* **Exercise details**: Where an image appears, leave it out; otherwise repeat the data exactly.

* **Source material**:
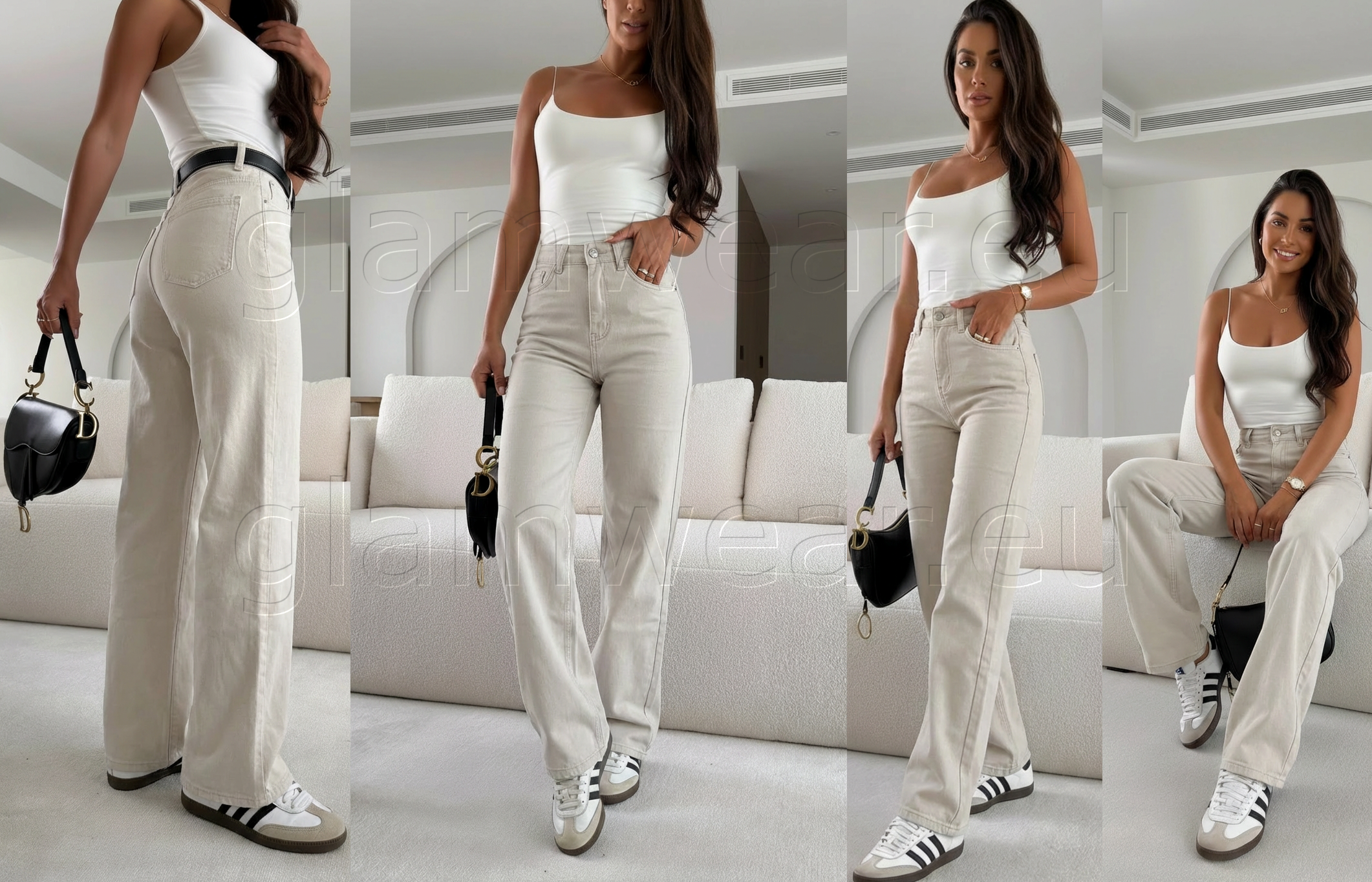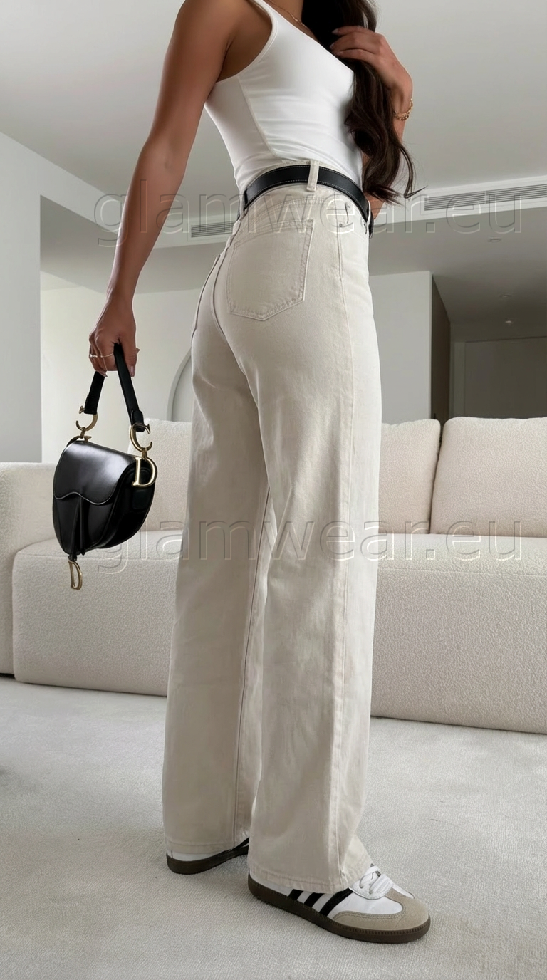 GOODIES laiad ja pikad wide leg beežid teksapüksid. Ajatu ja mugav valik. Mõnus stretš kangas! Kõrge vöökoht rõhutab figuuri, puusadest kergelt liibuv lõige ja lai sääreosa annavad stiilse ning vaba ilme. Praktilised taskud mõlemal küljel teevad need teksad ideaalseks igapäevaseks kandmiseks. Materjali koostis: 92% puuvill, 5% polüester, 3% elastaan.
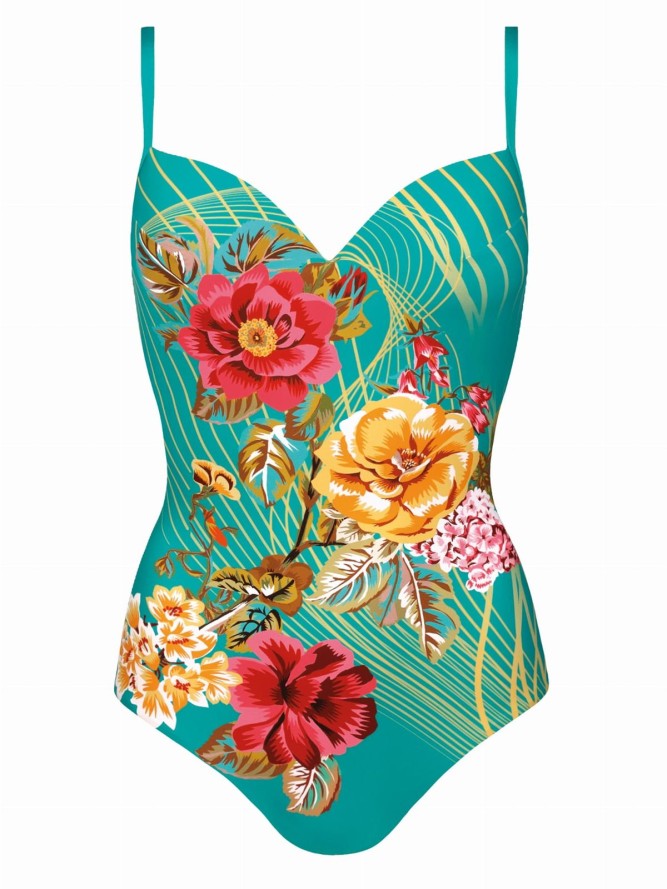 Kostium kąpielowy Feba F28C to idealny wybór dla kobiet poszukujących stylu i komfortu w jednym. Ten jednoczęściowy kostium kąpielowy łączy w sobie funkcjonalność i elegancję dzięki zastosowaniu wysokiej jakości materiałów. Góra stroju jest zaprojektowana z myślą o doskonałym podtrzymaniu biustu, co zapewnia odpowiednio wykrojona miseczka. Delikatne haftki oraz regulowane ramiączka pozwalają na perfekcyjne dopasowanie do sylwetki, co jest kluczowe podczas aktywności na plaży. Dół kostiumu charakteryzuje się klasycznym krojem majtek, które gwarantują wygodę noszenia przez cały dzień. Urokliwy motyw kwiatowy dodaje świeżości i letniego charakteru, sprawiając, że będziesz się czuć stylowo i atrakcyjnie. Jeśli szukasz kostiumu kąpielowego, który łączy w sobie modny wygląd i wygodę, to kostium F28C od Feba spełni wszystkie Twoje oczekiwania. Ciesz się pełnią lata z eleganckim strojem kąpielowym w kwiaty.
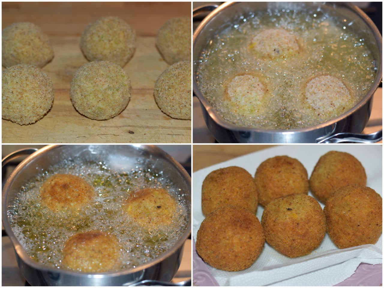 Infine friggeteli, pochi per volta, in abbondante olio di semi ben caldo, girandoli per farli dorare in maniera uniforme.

* **Written answer**:
 GOODIES laiad ja pikad wide leg beežid teksapüksid. Ajatu ja mugav valik. Mõnus stretš kangas! Kõrge vöökoht rõhutab figuuri, puusadest kergelt liibuv lõige ja lai sääreosa annavad stiilse ning vaba ilme. Praktilised taskud mõlemal küljel teevad need teksad ideaalseks igapäevaseks kandmiseks. Materjali koostis: 92% puuvill, 5% polüester, 3% elastaan.
 Kostium kąpielowy Feba F28C to idealny wybór dla kobiet poszukujących stylu i komfortu w jednym. Ten jednoczęściowy kostium kąpielowy łączy w sobie funkcjonalność i elegancję dzięki zastosowaniu wysokiej jakości materiałów. Góra stroju jest zaprojektowana z myślą o doskonałym podtrzymaniu biustu, co zapewnia odpowiednio wykrojona miseczka. Delikatne haftki oraz regulowane ramiączka pozwalają na perfekcyjne dopasowanie do sylwetki, co jest kluczowe podczas aktywności na plaży. Dół kostiumu charakteryzuje się klasycznym krojem majtek, które gwarantują wygodę noszenia przez cały dzień. Urokliwy motyw kwiatowy dodaje świeżości i letniego charakteru, sprawiając, że będziesz się czuć stylowo i atrakcyjnie. Jeśli szukasz kostiumu kąpielowego, który łączy w sobie modny wygląd i wygodę, to kostium F28C od Feba spełni wszystkie Twoje oczekiwania. Ciesz się pełnią lata z eleganckim strojem kąpielowym w kwiaty.
 Infine friggeteli, pochi per volta, in abbondante olio di semi ben caldo, girandoli per farli dorare in maniera uniforme.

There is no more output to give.